**AIM OF THE EXERCISE**
All lines from the one bearing "A jornada de" through the end of the data below must be printed exactly as they stand, with pictures removed.

**THE DATA**
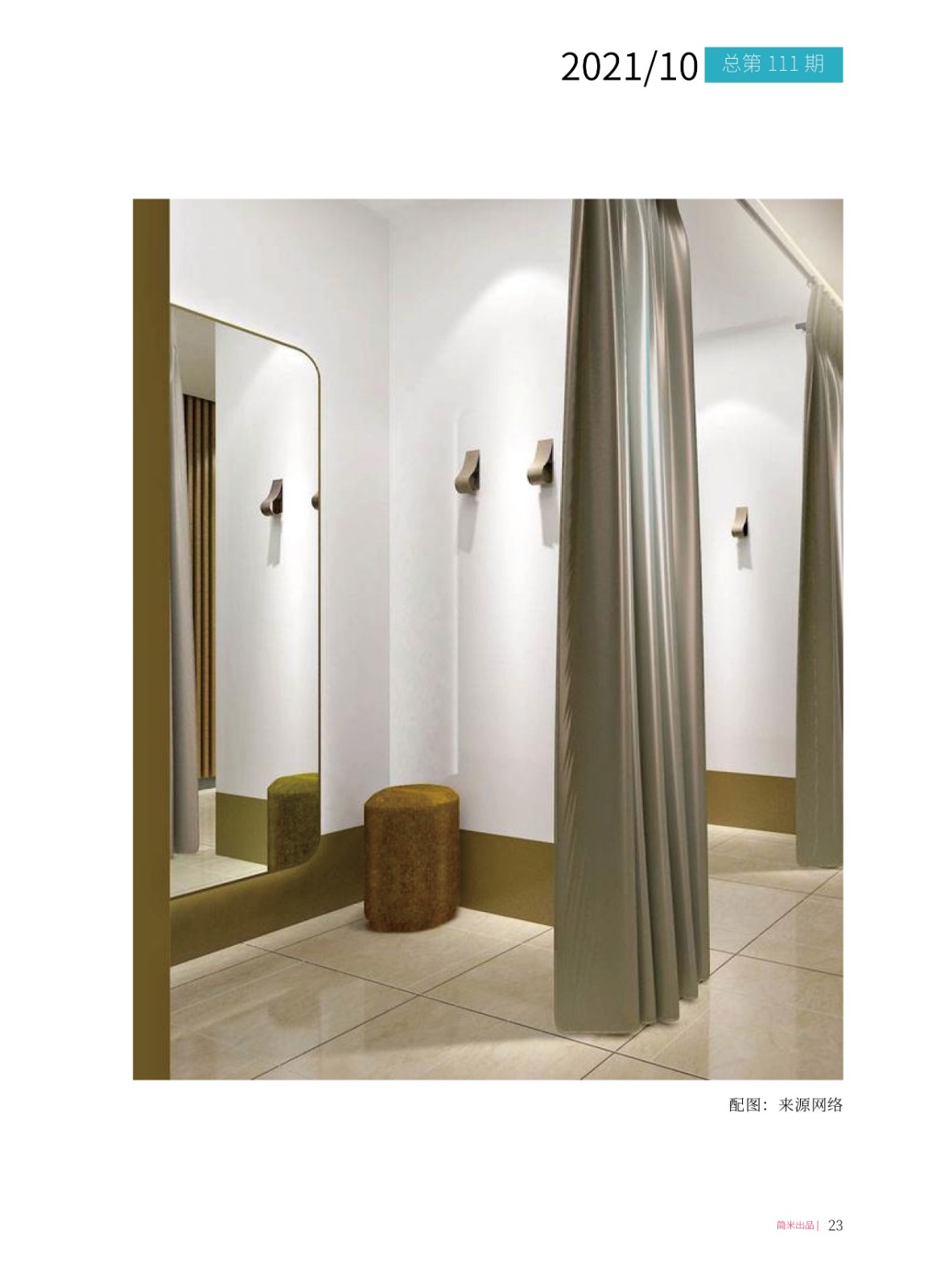 简米知识分享:试衣间的布灯原则:(1) 充足的垂直照度,阴影较弱;(2) 一般选用中光束角 LED 射灯,光线柔和选用深藏防眩灯具(3)注意灯具角度不要调节过大,避免眩光的产生,本讲简米来简单讲一讲...详见本期月刊P22-23
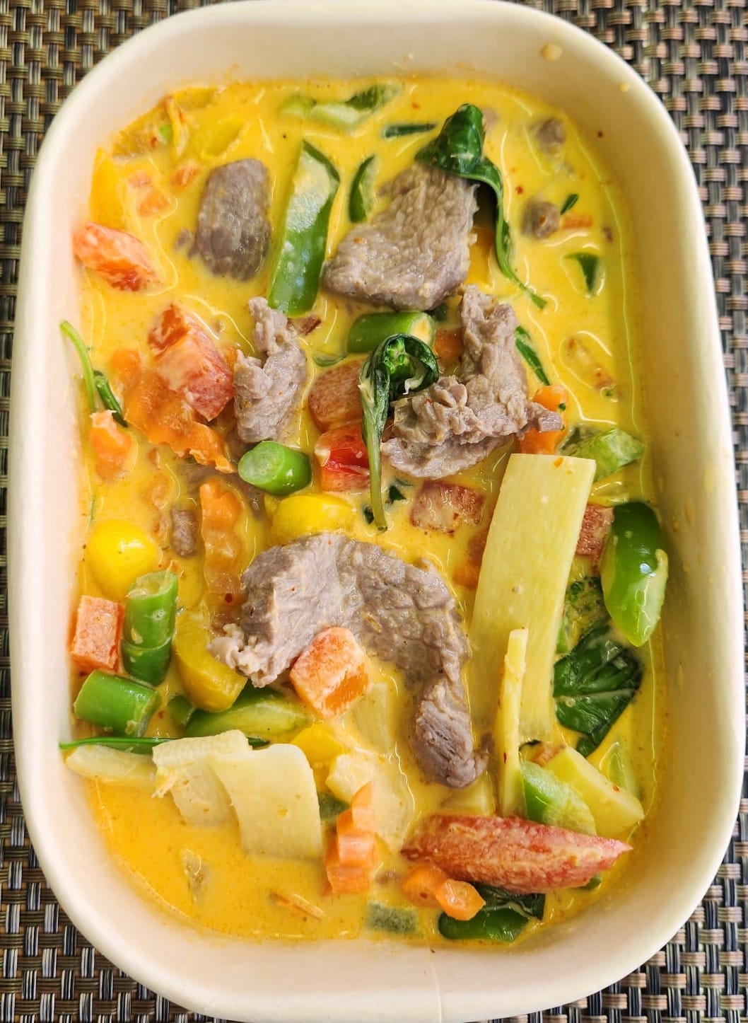 Reepjes biefstuk en groenten met een rode currysaus in een romige kokosmelk.
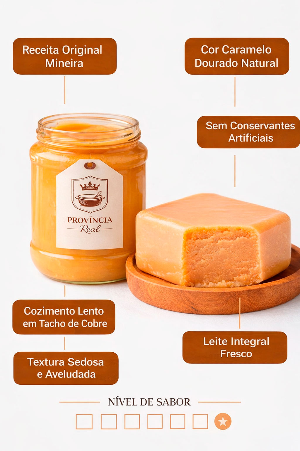 A jornada de cada barra da Província Real começa muito antes do fogo ser aceso. Ela nasce na seleção rigorosa do leite fresco e puro, o ingrediente vital que confere a base para a nossa linhagem de doces. Diferente das produções industriais que utilizam atalhos químicos, nós preservamos o tempo. São horas de paciência e cuidado para que a redução aconteça de forma natural, respeitando o ritmo sagrado do ingrediente.
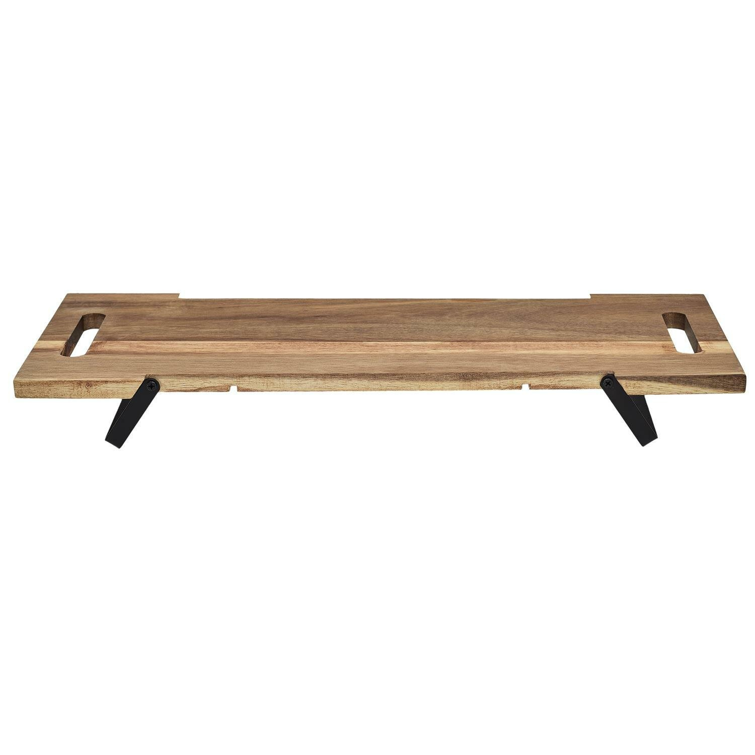 Elegancka deska ekspozycyjna o długości 55 cm, wykonana z wysokiej jakości drewna akacjowego i metalowej podstawy z żelaza. Jej solidna konstrukcja, z wysokością 7 cm i głębokością 18 cm, zapewnia stabilność i funkcjonalność. Naturalne wykończenie drewna akacjowego i nowoczesna metalowa podstawa dodają elegancji i stylu każdemu wnętrzu. Idealna do prezentacji dekoracji, roślin, książek lub innych przedmiotów, deska wprowadza nowoczesny akcent do domu, biura lub sklepu, łącząc estetykę z trwałością.

**RESPONSE BELOW**
 A jornada de cada barra da Província Real começa muito antes do fogo ser aceso. Ela nasce na seleção rigorosa do leite fresco e puro, o ingrediente vital que confere a base para a nossa linhagem de doces. Diferente das produções industriais que utilizam atalhos químicos, nós preservamos o tempo. São horas de paciência e cuidado para que a redução aconteça de forma natural, respeitando o ritmo sagrado do ingrediente.
 Elegancka deska ekspozycyjna o długości 55 cm, wykonana z wysokiej jakości drewna akacjowego i metalowej podstawy z żelaza. Jej solidna konstrukcja, z wysokością 7 cm i głębokością 18 cm, zapewnia stabilność i funkcjonalność. Naturalne wykończenie drewna akacjowego i nowoczesna metalowa podstawa dodają elegancji i stylu każdemu wnętrzu. Idealna do prezentacji dekoracji, roślin, książek lub innych przedmiotów, deska wprowadza nowoczesny akcent do domu, biura lub sklepu, łącząc estetykę z trwałością.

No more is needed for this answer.